[Task statement] When you retype the records that follow, keep each word as it is and drop any pictures.
*** Given data ***
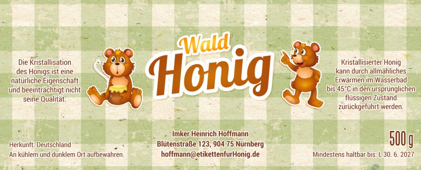 Wählen Sie die Honigsorte oder schreiben Sie Ihre eigene.Geben Sie Ihre Bezeichnung der Honigsorte ein.„Auf dem Etikett wird die ausgewählte Honigsorte angegeben.„Auf dem Etikett wird die ausgewählte Honigsorte angegeben.„Auf dem Etikett wird die ausgewählte Honigsorte angegeben.„Auf dem Etikett wird die ausgewählte Honigsorte angegeben.„Auf dem Etikett wird die ausgewählte Honigsorte angegeben.„Auf dem Etikett wird die ausgewählte Honigsorte angegeben.„Auf dem Etikett wird die ausgewählte Honigsorte angegeben.„Auf dem Etikett wird die ausgewählte Honigsorte angegeben.„Auf dem Etikett wird die ausgewählte Honigsorte angegeben.„Auf dem Etikett wird die ausgewählte Honigsorte angegeben.„Auf dem Etikett wird die ausgewählte Honigsorte angegeben.„Es wird keine Honigsorte angegeben. Es bleibt nur die Bezeichnung HONIG.
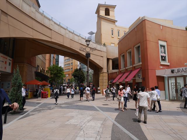 川崎駅東口では、閉店セールをやっているさいか屋の前を通り、チネチッタ通りにまずは向かう。ここは今回、楽しみにしていたところでもある。立澤(2013)によると、この通りには、1987年、シネマコンプレックス「チネチッタ」が開業する(日本初とのことだが、ほかでも日本初を主張しているところがある(Wikipedia))。そして、2002年に、映画館、ライブ・ホールに加えて、物販店や飲食店、スポーツ施設などを有する複合商業施設「ラ チッタデラ」として再スタートした。ラ チッタデラはイタリア語で小さな街、イタリアの町並みをイメージして建物の外観、石畳の通りが造られたという。歩いてみると、それっぽい雰囲気。土曜の午後ということもあり、歩く人も多く、通りに面するカフェテリア、レストランのテラス席で、談笑する姿がみられる。この地に詳しい同行の学生によると、少し前までは、閑散とした通りであったとのこと。実際、西口のラゾーナの開店などの影響があるようである。確かに借り物の街並みであり、景観のイミテーションである。川崎という土地に根ざしたものでもなく、企業によって造り出されたものである。某巨大テーマパークもしかりである。だが、そこには、イミテーションと知りつつ、あえてその中につかの間、入り込んで楽しむ成熟した消費者がいる。街中の商店街もまた、テーマパークのように、一時の夢の中に誘い込むように仕掛けなくてはいけないのではないか。
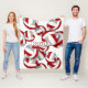 Este cobertor de velo, temido pelo voleibol, pode ser personalizado com o nome do atleta no topo da imagem de um bando de vermelho, cinzas e volichões brancos de tamanho variado - os volichões são sombreados seletivamente para uma aparência única em 3D - por katz_d_zynes
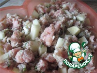 Мясо промыть, отделить от костей и нарезать мелкими кубиками величиной с лесной орех. Смолоть на крупной решетке вместе с чесноком, луком и зеленью. Добавить еще 1 луковицу крупно нарубленного лука. Картошка нарезать такими же кусочками и положить его в холодную воду, чтобы он не потемнел. Затем откинуть на сито, дать стечь воде, соединить с мясом, положить мелко нашинкованный репчатый лук, масло, перец и соль и все тщательно перемешать - фарш уложить в глубокую посуду.
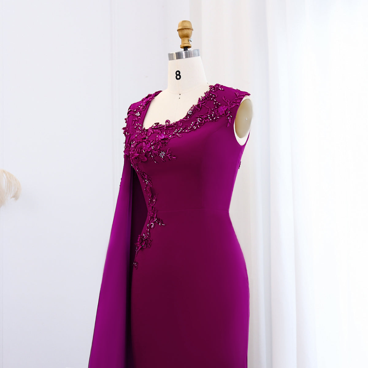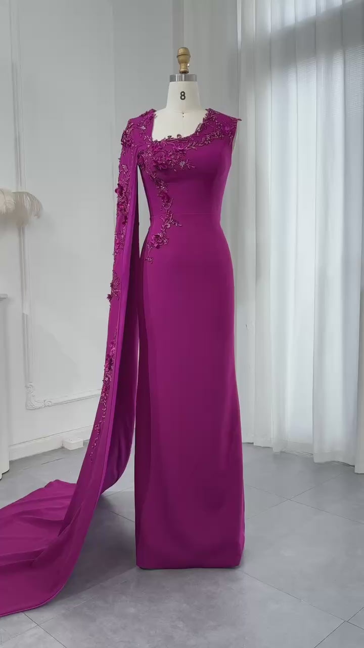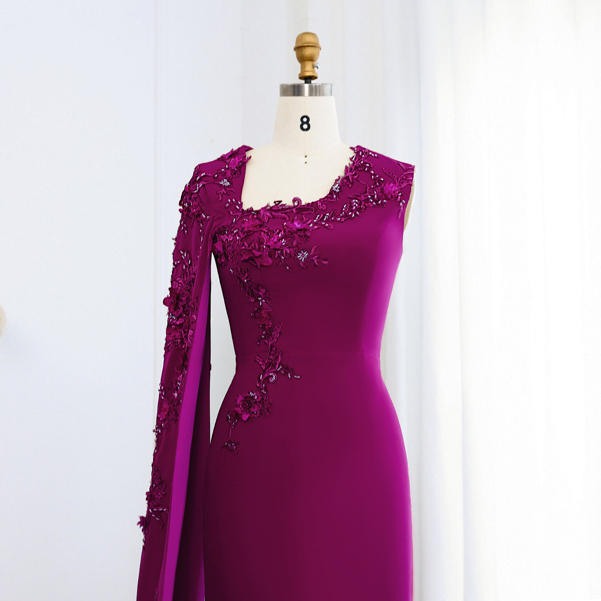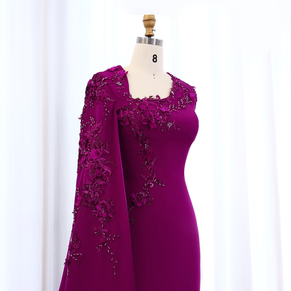 Luxury Appliques Fuchsia Evening Dress with Cape Sleeve SF105
*** End of Given data ***
[Response to this exercise]
 Wählen Sie die Honigsorte oder schreiben Sie Ihre eigene.Geben Sie Ihre Bezeichnung der Honigsorte ein.„Auf dem Etikett wird die ausgewählte Honigsorte angegeben.„Auf dem Etikett wird die ausgewählte Honigsorte angegeben.„Auf dem Etikett wird die ausgewählte Honigsorte angegeben.„Auf dem Etikett wird die ausgewählte Honigsorte angegeben.„Auf dem Etikett wird die ausgewählte Honigsorte angegeben.„Auf dem Etikett wird die ausgewählte Honigsorte angegeben.„Auf dem Etikett wird die ausgewählte Honigsorte angegeben.„Auf dem Etikett wird die ausgewählte Honigsorte angegeben.„Auf dem Etikett wird die ausgewählte Honigsorte angegeben.„Auf dem Etikett wird die ausgewählte Honigsorte angegeben.„Auf dem Etikett wird die ausgewählte Honigsorte angegeben.„Es wird keine Honigsorte angegeben. Es bleibt nur die Bezeichnung HONIG.
 川崎駅東口では、閉店セールをやっているさいか屋の前を通り、チネチッタ通りにまずは向かう。ここは今回、楽しみにしていたところでもある。立澤(2013)によると、この通りには、1987年、シネマコンプレックス「チネチッタ」が開業する(日本初とのことだが、ほかでも日本初を主張しているところがある(Wikipedia))。そして、2002年に、映画館、ライブ・ホールに加えて、物販店や飲食店、スポーツ施設などを有する複合商業施設「ラ チッタデラ」として再スタートした。ラ チッタデラはイタリア語で小さな街、イタリアの町並みをイメージして建物の外観、石畳の通りが造られたという。歩いてみると、それっぽい雰囲気。土曜の午後ということもあり、歩く人も多く、通りに面するカフェテリア、レストランのテラス席で、談笑する姿がみられる。この地に詳しい同行の学生によると、少し前までは、閑散とした通りであったとのこと。実際、西口のラゾーナの開店などの影響があるようである。確かに借り物の街並みであり、景観のイミテーションである。川崎という土地に根ざしたものでもなく、企業によって造り出されたものである。某巨大テーマパークもしかりである。だが、そこには、イミテーションと知りつつ、あえてその中につかの間、入り込んで楽しむ成熟した消費者がいる。街中の商店街もまた、テーマパークのように、一時の夢の中に誘い込むように仕掛けなくてはいけないのではないか。
 Este cobertor de velo, temido pelo voleibol, pode ser personalizado com o nome do atleta no topo da imagem de um bando de vermelho, cinzas e volichões brancos de tamanho variado - os volichões são sombreados seletivamente para uma aparência única em 3D - por katz_d_zynes
 Мясо промыть, отделить от костей и нарезать мелкими кубиками величиной с лесной орех. Смолоть на крупной решетке вместе с чесноком, луком и зеленью. Добавить еще 1 луковицу крупно нарубленного лука. Картошка нарезать такими же кусочками и положить его в холодную воду, чтобы он не потемнел. Затем откинуть на сито, дать стечь воде, соединить с мясом, положить мелко нашинкованный репчатый лук, масло, перец и соль и все тщательно перемешать - фарш уложить в глубокую посуду.
 Luxury Appliques Fuchsia Evening Dress with Cape Sleeve SF105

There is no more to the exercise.